# SUPPLIED DATA:
★ ★ ★

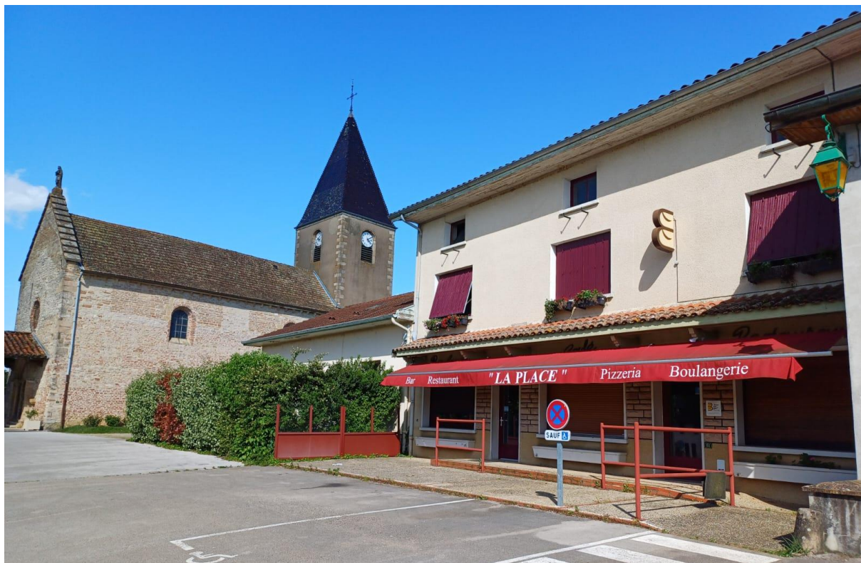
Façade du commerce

★ ★ ★

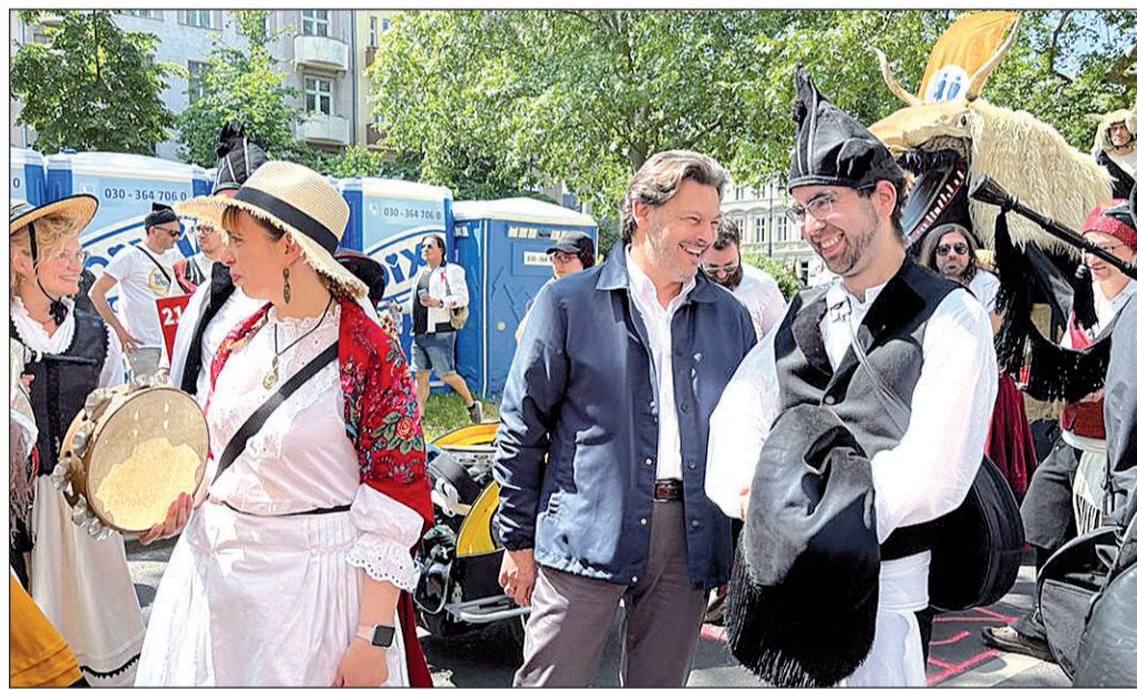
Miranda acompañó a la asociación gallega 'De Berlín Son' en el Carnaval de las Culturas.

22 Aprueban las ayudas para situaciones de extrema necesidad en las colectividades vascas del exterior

★ ★ ★

Every line above from the line with "Miranda acompañó a" to the line with "22 Aprueban las" is wanted, ends included; write them out exactly and add no other line.

Miranda acompañó a la asociación gallega 'De Berlín Son' en el Carnaval de las Culturas.

22 Aprueban las ayudas para situaciones de extrema necesidad en las colectividades vascas del exterior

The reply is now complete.